Actively disengaged employees spend considerable energy hurting coworkers and poisoning workplaces. They need dysfunction to survive. Complaining without constructive solutions is their primary mode of communication. Gossiping and bullying are their tactics. They seek to divide the team and make others feel unsafe. This is how they establish and maintain their power. Most teammates are unwilling to suffer the consequences of confronting them.
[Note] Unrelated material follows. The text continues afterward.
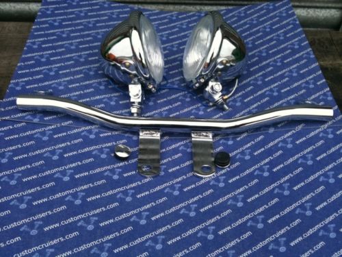 Triumph America passing driving light kit a set of 2 spotlamps and mounting bracket for your bike from Magnum Accessoires Gives your America a classic look as well more than doubling your forward and side illumination of the highway. This triple chrome-plated, billet aluminum design - includes 4.5" 34-watt driving lights, turn signal relocation adaptors, on-off switch, and all wiring. The set is compatible with all windshields. All the wires are concealed in the lightbar, lights are spaced at 22" centre-to-centre

Surprisingly, toxic employees often leave on their own when team culture no longer tolerates bad behavior. In today’s economy, few workplaces can afford to waste energy or resources on managing broken people. When leadership empowers employees to hold others accountable to mission and values, the fuel for dysfunction gradually disappears. Eventually, employees who thrive on disengagement need to go elsewhere to get their emotional needs met.
If an employee’s psychological foundation for self-esteem requires making others feel small, a workplace culture devoted to respect and professionalism no longer feeds their fragile ego. Poisonous people seek poisonous environments. Let them go.
Many workplace problems solve themselves when a team commits to behavior-based values and a culture of accountability. Top performers are only valuable when they aren’t sucking the life out of their teammates. Because we’re human, occasional broken interactions are inevitable. Normalizing them, however, is unhealthy. What you tolerate, you sanction.